## EXERCISE OBJECTIVE
Repeat the listing below in full and exactly. Pictures are to be omitted.

## GIVEN DATA

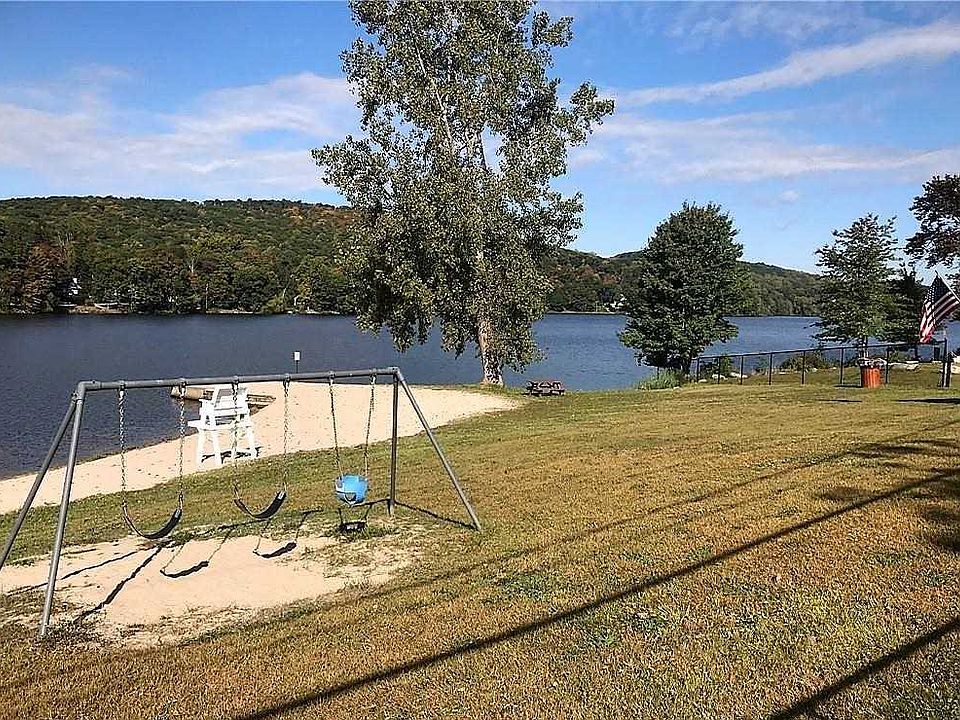 Walk to the beach! Unique layout, not your average home in Lake Carmel. Very efficient home cooler in summer and warmer in the winter since the kitchen is in the lowest level. Two bedrooms with several other rooms that can used as a den, office or play area or even a craft room. Hardwood floors, Recently painted, new flooring. Separate laundry and utility room with plenty of storage. New drainage. Above ground oil tank. Septic tank and fields updated. Private corner lot with patio and water view through the evergreens. Subtract $1341 for STAR. Walk to Beach, Basketball Court and walking path. FULLY AVAILABLE!
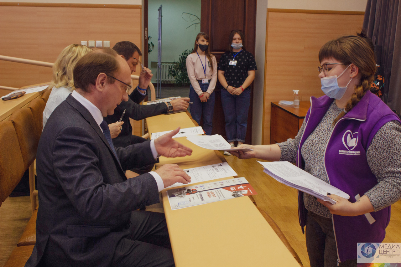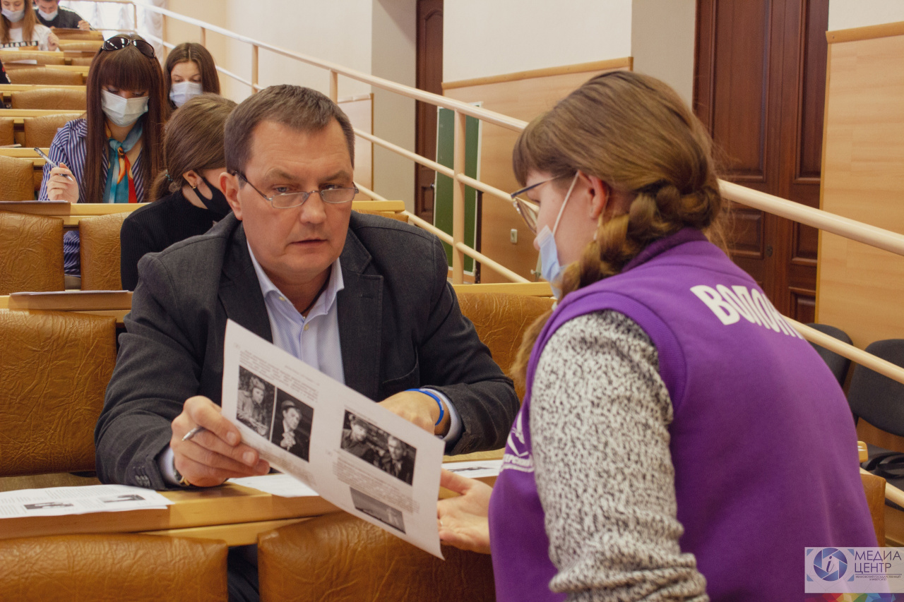 The chairman of Ivanovo city council Aleksandr Kuzmichyov joined IvSU to write the Dictation. In his welcoming speech he underlined how important it is to remember the feats of our heroes. That is why the stela “The city of larour merits” is going to be installed at the entrance to the city. Ivanovo got this title in 2020.
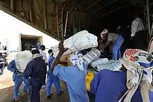 The first aid flight from the United Kingdom being unloaded on November 11, 2008.
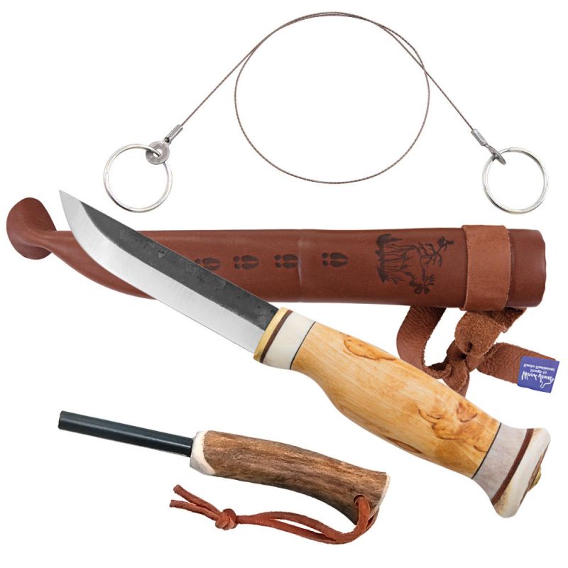 - Coltello da caccia e da esterno multiuso di Wood Jewel, con passante per cintura incluso nella consegna. Il manico è una combinazione di betulla nordica venata e corno di renna, la lama è realizzata in acciaio al carbonio 80CrV2 con crosta di forgiatura nera. Non inossidabile, durezza 58 HRC.
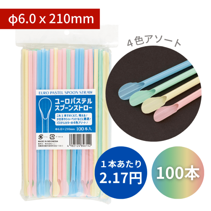 スプーンストロー № φ6x210mm 100本入 ユーロパステル 包装なし

## RESULT OF THE EXERCISE
 Walk to the beach! Unique layout, not your average home in Lake Carmel. Very efficient home cooler in summer and warmer in the winter since the kitchen is in the lowest level. Two bedrooms with several other rooms that can used as a den, office or play area or even a craft room. Hardwood floors, Recently painted, new flooring. Separate laundry and utility room with plenty of storage. New drainage. Above ground oil tank. Septic tank and fields updated. Private corner lot with patio and water view through the evergreens. Subtract $1341 for STAR. Walk to Beach, Basketball Court and walking path. FULLY AVAILABLE!
 The chairman of Ivanovo city council Aleksandr Kuzmichyov joined IvSU to write the Dictation. In his welcoming speech he underlined how important it is to remember the feats of our heroes. That is why the stela “The city of larour merits” is going to be installed at the entrance to the city. Ivanovo got this title in 2020.
 The first aid flight from the United Kingdom being unloaded on November 11, 2008.
 - Coltello da caccia e da esterno multiuso di Wood Jewel, con passante per cintura incluso nella consegna. Il manico è una combinazione di betulla nordica venata e corno di renna, la lama è realizzata in acciaio al carbonio 80CrV2 con crosta di forgiatura nera. Non inossidabile, durezza 58 HRC.
 スプーンストロー № φ6x210mm 100本入 ユーロパステル 包装なし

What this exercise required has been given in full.